Unlike the SQLAlchemy tutorial, in this exercise you will run a full PostgreSQL database with long-lived persistence. We will set this database up together as part of the exercise. The database will run as a separate Docker container from your service, just as it would in production, but it will all be managed by the DevContainer setup we establish.
This exercise is designed to be a solo exercise and everyone needs to create their own repository and submission. However, you are welcomed to collaborate with your final project teammates and work together through each of these steps as long as everyone is completing the work on their own machines.
Getting Started
To begin, accept the following project on GitHub Classroom: https://classroom.github.com/a/tVXzSuOh
Next, from outside of VSCode on your host machine, in a terminal, clone your project. We have seen issues with students attempting to clone DevContainer projects from within VSCode. These problems can be avoided if you begin by cloning your repository on your host machine and then open this folder in VSCode. It will subsequently ask you if you want to open in a DevContainer. You can go ahead and do so to build the container image.
Establishing Environment Variables
In order to establish our database, we need to provide some configuration settings. It is considered common and best practice to pass configuration settings to our servers via environment variables. Environment variables are passed into processes from their “environment”; typically the shell, but we will see another handy way in .env
files. You have encountered environment variables in your shell already: PATH
is one such. We will learn more about environment variables and why they are important in cloud-deployed 12-factor applications soon.
Adding a .env
file to backend
Environment variables can be clunky to manage and share via the terminal alone. Often you would like environment variables to be scoped to the projects you are working on rather than global to your user account or system. A common modern convention is defining environment variables in a dotfile named .env
.
The .env
file is a common place where secrets and system-specific configuration values are stored. Thus, it is important to be sure .env
is already listed as an entry in your project’s .gitignore
file. You do not want to commit .env
files to the history of your repository.
Now that you have confirmed the .gitignore
entry, from within your backend
directory, create a file named .env
. This is where we’ll establish some important environment variables for the backend database configuration. Copy paste the following contents:
MODE=development
POSTGRES_USER=postgres
POSTGRES_PASSWORD=postgres
POSTGRES_HOST=db
POSTGRES_PORT=5432
POSTGRES_DATABASE=comp423
It is worth noting your shell program does not inherently pay attention or read .env
files, but soon we will see how Docker and our application can make use of them.
Save your .env
file and continue on.
Adding the Postgres Database Service to Docker Compose
Your DevContainer’s .devcontainer/docker-compose.yml
file specifies only a single container in your project: your development container for backend work. Let’s add an additional container to our project to run Postgres.

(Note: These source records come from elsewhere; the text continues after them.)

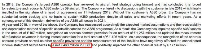 2018年四季度财报中关于终止A380生产的段落 来源:空客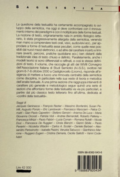 Il volume, che raccoglie gli atti del XXVIII Convegno dell'Associazione Italiana di Studi Semiotici (A.I.S.S.), svoltosi nei giorni 6-7-8 ottobre 2000 a Castiglioncello (Livorno), risponde all'esigenza di mettere a fuoco una rinnovata centralità della semiotica come disciplina, in particolare nella sua veste di teoria e metodica dell'analisi testuale. A una prima sezione che raggruppa interventi di carattere più generale e metodologico segue quindi una serie di sezioni che affrontano forme della testualità via via più particolari, a partire dal più classico testo letterario fino all'ultima, dedicata al confini della testualità.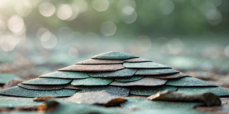 This image features a close-up view of roofing shingles with unique textures and colors, showcasing the beauty and durability ideal for home design projects.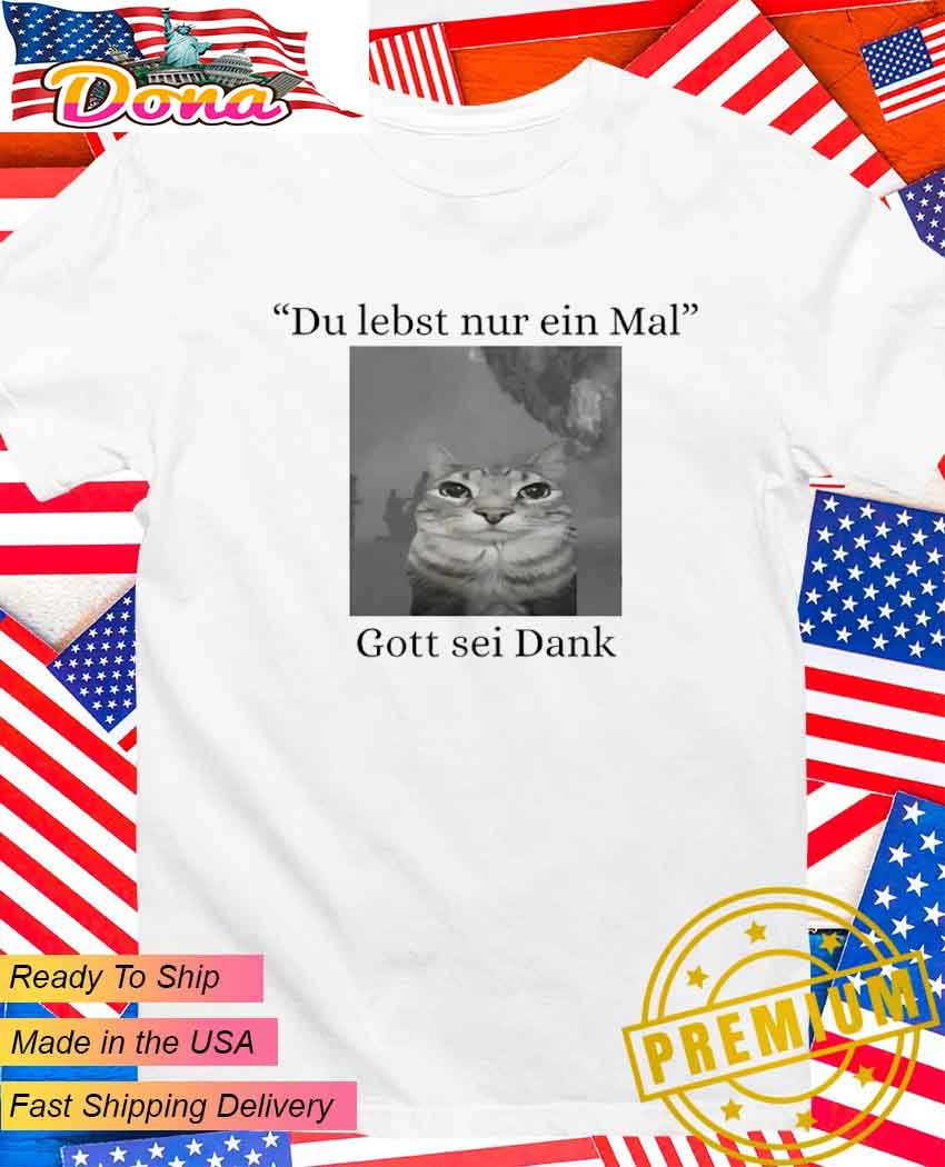 Du lebst nur ein Mal Gott sei Dank cat meme T-Shirt available sizes for youth and adult men and women and availabe for Classic T-shirt, V-neck T-shirt, Tank Top, Hoodie, Sweatshirt.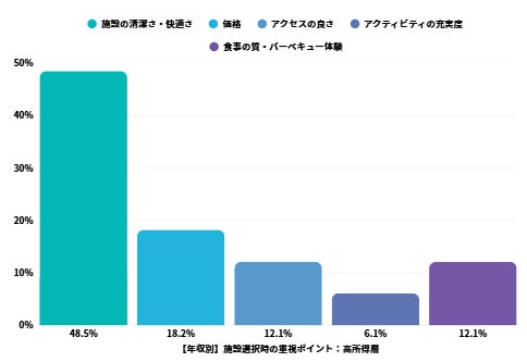 所得層によって、グランピング施設を選ぶ際の優先順位が劇的に異なることが判明しました。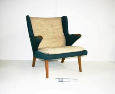 Hægindastóll, bólstraður með íslensku ullaráklæði, bláu og ljósdrapp, sýnilegt trévirki er tekk, en gera má ráð fyrir að grind sé úr furu eða beyki eins og títt var. Stóllinn er teiknaður af Sveini Kjarval og smíðaður í Nývirki h.f.
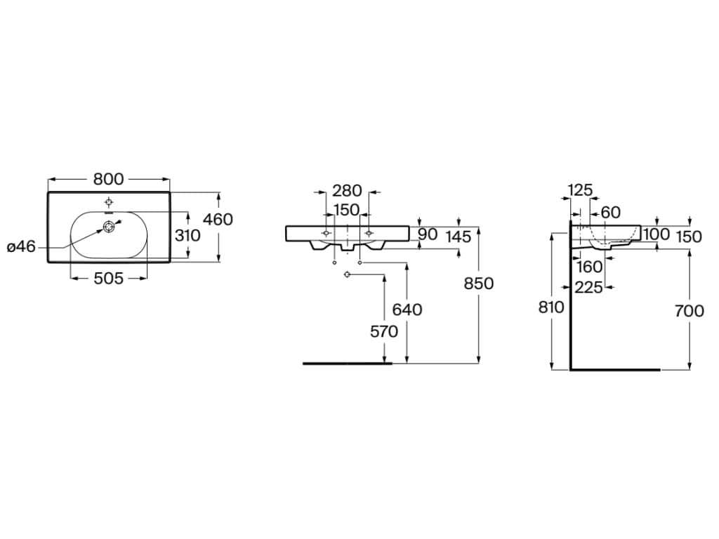 Мивка Meridian-N с размер 80/46/h15см. в бял порцеланов цвят. Модела е стенен с отвор за смесители и преливник A327745000/White. Без сифон!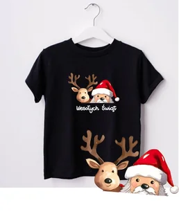 Koszulka dla dziecka na święta - wesołych świąt Mikołaj z reniferkiem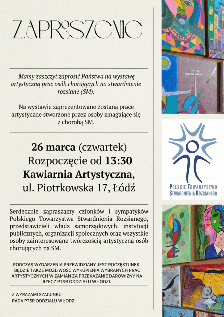 Serdecznie zapraszamy członków i sympatyków Polskiego Towarzystwa Stwardnienia Rozsianego, przedstawicieli władz samorządowych, instytucji publicznych, organizacji społecznych oraz wszystkie osoby zainteresowane twórczością artystyczną osób chorujących na SM.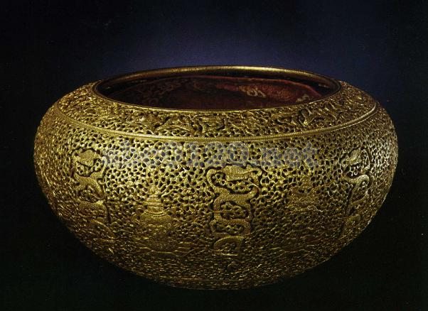 僧侶のつかう食器の形をした鉢を、梵語で鉢多羅という。鉄製透し彫りの器全体に鍍金をしており、細密な技法と優美な文様が鉢の総体をきわだたせている。底に「大清乾隆年製」の銘がある。出所:北京「故宮博物院展・紫禁城の宮廷芸術」1985-85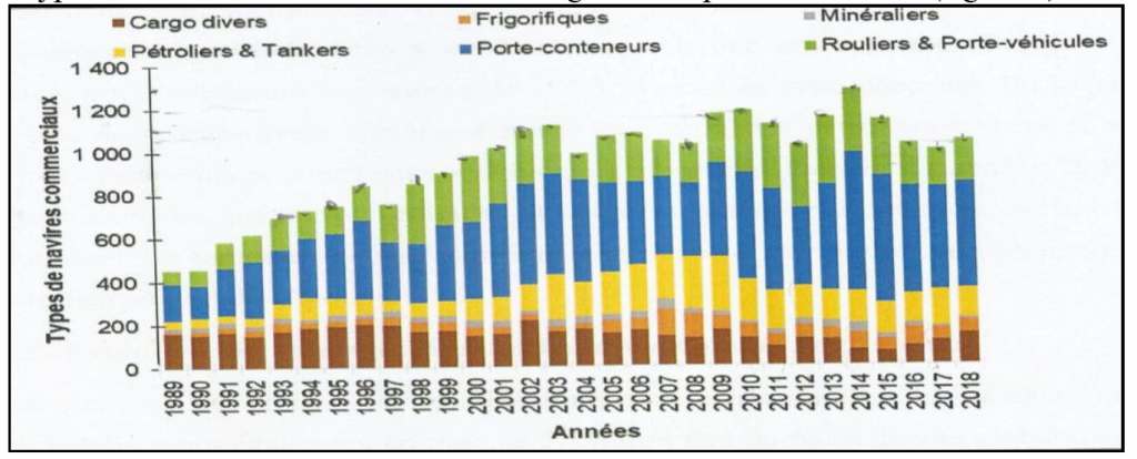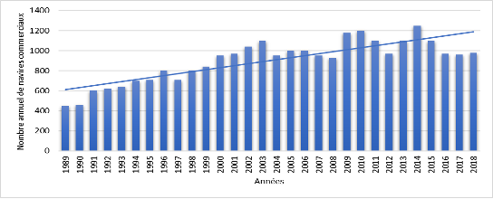 Une analyse de la figure 2 révèle que le trafic annuel des navires commerciaux a été multiplié par 2,29 en passant de 458 navires en 1989 à 1047 en 2018, soit une moyenne annuelle de 942 navires commerciaux. De 1989 à 1998, le nombre de navires a connu une progression de 86,46% avec une moyenne décennale de 677 navires.

In doing so, we’ll be introducing a Docker Compose “service”. This is the yet another overloaded usage of the term service
you have seen in the course. In this context, a Docker “Service” in a single compose project refers to a container we can access by its name from other containers in the project.
The service container you’re about to setup will be named db
. Its image will be based on a modern release of PostgreSQL. It will be given environment variables via the .env
file you just established. These environment variables will specify the default username and password to access the database. These are kept simple (postgres/postgres) because we are working in a development environment on your machine only. In production, which we are not concerned with in this exercise, you’ll choose a randomized password.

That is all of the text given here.